在本文中,运用MIDAS/Civil有限元程序,采用三维空间块体单元对装配式预应力混凝土空心板桥进行有限元建模,建立了整桥的三维实体单元计算模型。在有限元建模中,对截面顶板处的普通钢筋区采用钢筋与混凝土的折算弹性模量考虑顶板处普通钢筋的影响,对底部的预应力钢筋采用等效的预应力板带进行模拟;桥面板、铰缝、混凝土铺装及护栏等均用实体单元,横向预应力筋采用只受拉不受压的桁架单元。文中在分析该加固法对空心板桥有效性的同时,也比较了所施加的横向预应力大小、纵桥向不同位置、桥梁宽跨比等因素对桥梁加固效果的影响。对于正交板桥,为了得到横向预应力大小对加固效果的影响,依次将7根横向预应力筋的预应力荷载设为100kN/根、150kN/根、200kN/根三种情况进行分析。为了得到桥梁荷载横向分布影响线,分别在跨中处1~8号板的各板中心处施加单位荷载,对每个单位荷载,再分4种工况:工况1:仅单位荷载;工况2:单位荷载+100kN/根的横向预应力筋荷载;工况3:单位荷载+150kN/根的横向预应力筋荷载;工况4:单位荷载+200kN/根的横向预应力筋荷载,全桥共设有32种工况。文中采用相同的方法研究了斜交空心板桥采用施加横向体外预应力筋进行加固的有效性,以及斜交空心板桥的不同斜度对加固效果的影响。

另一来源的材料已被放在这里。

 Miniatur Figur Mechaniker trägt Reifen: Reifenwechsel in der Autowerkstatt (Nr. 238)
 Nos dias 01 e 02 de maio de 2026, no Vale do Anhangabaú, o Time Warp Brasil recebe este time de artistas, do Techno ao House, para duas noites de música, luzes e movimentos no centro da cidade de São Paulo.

计算结果表明:使用该法对空心板桥进行加固,施工简单,加固效果明显,斜交空心板桥的加固效果没有正交空心板桥的好;所施加横向预应力的大小对加固效果影响不大;在纵桥方向上,同一号板在跨中处的加固效率较两端高;宽跨比越小对加固效果越有利;斜交空心板桥的斜度越大对加固越不利。这些结论对同类桥的加固有一定借鉴作用。
由于我国目前装配式预应力空心板桥应用广泛、使用普遍,大量装配式预应力空心板桥存在空心板间企口缝沿纵向开裂等缺陷,所以广泛推广此加固技术,对存在缺陷的装配式预应力空心板桥进行加固将具有较大的社会意义和实用价值。

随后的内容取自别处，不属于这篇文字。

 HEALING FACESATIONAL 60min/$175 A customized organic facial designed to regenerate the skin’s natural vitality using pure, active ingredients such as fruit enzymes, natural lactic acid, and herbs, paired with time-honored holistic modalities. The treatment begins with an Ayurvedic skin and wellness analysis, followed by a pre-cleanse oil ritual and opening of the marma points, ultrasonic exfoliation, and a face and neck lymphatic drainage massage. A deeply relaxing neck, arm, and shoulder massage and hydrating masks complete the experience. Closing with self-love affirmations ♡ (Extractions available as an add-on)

For such advantages as low construction height,being easily prefabricated and economical material using,assembly pre-stressed concrete hollow board bridge is applied widely in bridge engineering. Bridges of the type built in 1970s and 1980s have faults as low load bearing capacity and small tongue-and-groove joint between boards. With modern economy developing highly,heavy vehicles and overload vehicles appear frequently,and cause that longitudinal cracks and pitfalls along tongue-and-groove between boards emerge in bridges of the type recently. Concrete near tongue-and-groove tattered or fallen off,and leakage over large areas lead to fail transverse contact and single plate bearing. As an ultimate result,driving safety and traffic capacity of the whole highway are imperiled. Therefore,reinforcement research on these sick bridges of the type is of great practical engineering value.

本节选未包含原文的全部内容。